Cardiovascular. Smoking marijuana can severely affect the cardiovascular system. It causes urinary retention which can affect blood pressure, and increased heart rate, and cause angina. Risk of heart attack is significantly increased in the moment’s right after smoking.
Fertility. Chronic marijuana use can impair fertility by decreasing both male (testosterone) and female hormones (follicle-stimulating hormone/luteinizing hormones. Additionally abnormalities in appearance, motility, viability, and production of sperm are seen.
Pulmonary. As with cigarettes, marijuana contains the same hazardous compounds and carries the same ill effects. Acutely, smoking marijuana irritates the bronchial tract causing cough, wheezing, and phlegm. Chronic users experience bronchitis, emphysema, and may even develop mouth, throat, and nasal cancer. Lung function decreases with continued use.
Endogenous Cannabinoids – Fatty Acid Amides. As it turns out, humans naturally produce cannabinoids. Although chemically different from cannabis, Anandamide and 2-arachidonyl glycerol are endogenous compounds that bind to the same receptors as phytocannabinoids. They are derivatives of arachidonic acid known as fatty acid amides. These enodcannabinoids are produced by the body on demand for the relief of inflammation and pain, but have a limited timeframe of action. The discovery and synthesis of these compounds in the lab have renewed investigation of cannabinoids, cannabinoid-like compounds, and molecules that act on the endocannabinoid system, for their medicinal use.
Fatty acid amides have the same beneficial effects as marijuana and synthetic cannabinoids, but do not possess the same psychotropic response.
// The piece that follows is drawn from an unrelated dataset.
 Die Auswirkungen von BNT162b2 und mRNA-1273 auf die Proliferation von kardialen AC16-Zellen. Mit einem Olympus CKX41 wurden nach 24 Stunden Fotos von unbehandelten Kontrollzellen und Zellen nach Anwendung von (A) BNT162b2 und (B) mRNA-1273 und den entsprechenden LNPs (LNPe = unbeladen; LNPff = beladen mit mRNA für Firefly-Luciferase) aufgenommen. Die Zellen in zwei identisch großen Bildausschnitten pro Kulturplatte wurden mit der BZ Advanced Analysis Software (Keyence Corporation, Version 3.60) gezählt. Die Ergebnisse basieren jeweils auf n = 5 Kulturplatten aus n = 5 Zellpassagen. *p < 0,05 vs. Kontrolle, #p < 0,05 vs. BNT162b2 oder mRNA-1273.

Since they have a short duration of action, increasing their supply by decreasing their catabolism would make them effective “in-house” therapeutic targets for CB1/CB2 receptors. Enhancing the levels of fatty acid amides in the CNS requires blocking the enzyme responsible for their degradation; fatty acid amide hydrolase (FAAH). This is where fatty-acid amide hydrolase inhibitors come into play. FAAH inhibitors are potentially safe and effective small molecules that elevate brain levels of endocannabinoids.
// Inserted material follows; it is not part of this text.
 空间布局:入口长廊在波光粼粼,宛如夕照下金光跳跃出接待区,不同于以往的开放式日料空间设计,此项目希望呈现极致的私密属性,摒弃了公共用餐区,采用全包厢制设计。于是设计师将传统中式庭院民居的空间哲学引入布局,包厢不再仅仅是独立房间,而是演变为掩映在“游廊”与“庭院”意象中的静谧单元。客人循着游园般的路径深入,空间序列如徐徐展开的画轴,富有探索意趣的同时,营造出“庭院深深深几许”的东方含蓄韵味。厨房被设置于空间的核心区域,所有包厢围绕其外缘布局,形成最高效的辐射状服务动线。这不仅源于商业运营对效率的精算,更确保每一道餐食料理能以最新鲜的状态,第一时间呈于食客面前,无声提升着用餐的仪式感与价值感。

The experimental drug that caused the death of Guillaume Molinet was a FAAH inhibitor. The drug trial was started in July of 2015, and was conducted by a French company named Biotrial, for the Portuguese pharmaceutical, Bial. The company is said to have conducted its trial according to regulations, and the outcome of the study was unexpected. Sadly in this case, investigators gave an unnecessary high dose of a drug that was not very effective at blocking pain in the first place, and it resulted in a toxic response. As it turns out the drug was safe at lower doses, and none of the patients in the other treatment groups experienced any adverse outcomes. Essentially, at very high doses a toxic build-up occurs, leading to neurological damage.
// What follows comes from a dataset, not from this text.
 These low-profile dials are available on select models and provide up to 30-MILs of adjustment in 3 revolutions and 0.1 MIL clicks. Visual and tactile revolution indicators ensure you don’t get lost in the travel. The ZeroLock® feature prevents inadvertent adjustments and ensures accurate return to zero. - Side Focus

All FAAH inhibitors are not alike, and their efficacy and safety vary. Many FAAH inhibitors and synthetic cannabinoids have been investigated for use as new drugs in the management of pain and inflammation associated with such diseases as: Epilepsy, Diabetes, Atopic Dermatitis, Alzheimer’s disease, and Multiple Sclerosis. Some promising compounds have even advanced to phase II clinical trials.